Frequency Distribution Report

Find...

  • the frequency of search terms within a reference
  • the expected frequency of search terms compared to the actual frequency
  • statistical ratings of the frequency
  • and more!

Report Columns

To change the columns displayed, right-click > Show or Hide Columns. You can reorganize columns by selecting and dragging the header with the mouse.

Column Description Example
Table of contents A list of the references within the book. References with 0 results are not shown.

The + button will display lower references, such as chapter and paragraph.
Actual The frequency of the search term within the reference. The search term occurs 1,010 times in Comedies.
≈Expected If search hits were evenly distributed throughout the book, this is the number of hits we would expect to see in a given reference. (Based on the size of the reference and the total number of search hits.)

If you have filters on your search query, the expected frequency will be inaccurate. Likewise, subwords or tagwords in your search argument will distort the statistic. There is a size variable used in the computation, and it uses the number of normal words found within a reference. Many subwords or tagwords can be associated with a single normal word, so this size variable inaccuracy will invalidate the statistic.
Rating This statistic has a range of -10.0 to +10.0. It quantifies the significance of the number of search hits in each reference. The rating statistic attempts to normalize the data by taking into account the size of the reference and the number of search hits found in it. Learn more about the rating column and statistics here.
≈Actual/Expected A bar chart comparing actual frequency (red) and expected frequency (green).
Difference Actual frequency minus Expected frequency.
Total The total number of words within the reference.
%Actual The percent of the total number of hits are found in each reference.
≈%Expected The relative size of the reference, or what percent of the total text is contained in each reference.
%Difference % Actual frequency minus % Expected frequency.
% of total The size of the reference relative to the size of the entire book. When you add up all of the percentages in this column, it should equal 100. Here, you can see that comedies are 29.562% of The Riverside Shakespeare.

Save Options

To copy the selected row, right-click > Copy.

To copy all visible rows, right-click > Copy All.

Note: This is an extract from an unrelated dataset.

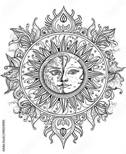 Intricate Mandala Featuring Sun and Moon Line Art Design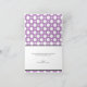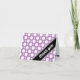 Cartões de agradecimento com um padrão de bolinhas sortidas com tamanhos alternados de círculos brancos sobre um roxo estilo café. "obrigado" é impresso diagonalmente em branco na frente sobre uma faixa preta diagonal no canto inferior direito. O interior é impresso personalizado com o seu próprio texto, ou pode ser facilmente deixado em branco para escrever à mão seus próprios sentimentos de gratidão. Ao redor desta área de texto modelo está o mesmo padrão de bolinhas sortidas, um elemento único em oposição ao típico interior branco. Este estilo e esquema de cores tornam estes cartões uma escolha apropriada para Chás de Noiva, Chás de Bebê e Aniversários.

To export all visible rows, right-click > Export All (Frequency Distribution).

Show Options

References without any results

You can display data on references with zero results. To do this, right-click > Frequency Distribution Preferences. Check the box next to Display all entires (including those with no hits) and click OK.

Expand references to lower levels

You can expand references to display lower levels. To do this, click the + button next to any reference level.

If you would like to display all lower level references, right-click > Show Levels > [Select 1-5 or All]

Note: Showing all levels for a book with tens of thousands of levels can make the program non-responsive.

The Rating Column

The Rating column has a value between -10 and 10. If the rating is closer to 10, the actual frequency is much higher than its expected frequency. This formula is used to calculate the rating:

\[Rating = \sqrt{(Actual-Expected)^2 \over Expected + 1}\]

This formula is similar to calculating a chi-square statistic for each cell in a table.

To avoid dividing by 0, a 1 is added to the Expected value.
Ratings greater than 10.0 are rounded down to 10.0.
Ratings less than -10.0 are rounded up to -10.0.

The expected values used in computing this rating are from Normal type words in the All Text (excluding any text from your notes).

Note: If you have filters on your search query, the expected frequency will be inaccurate.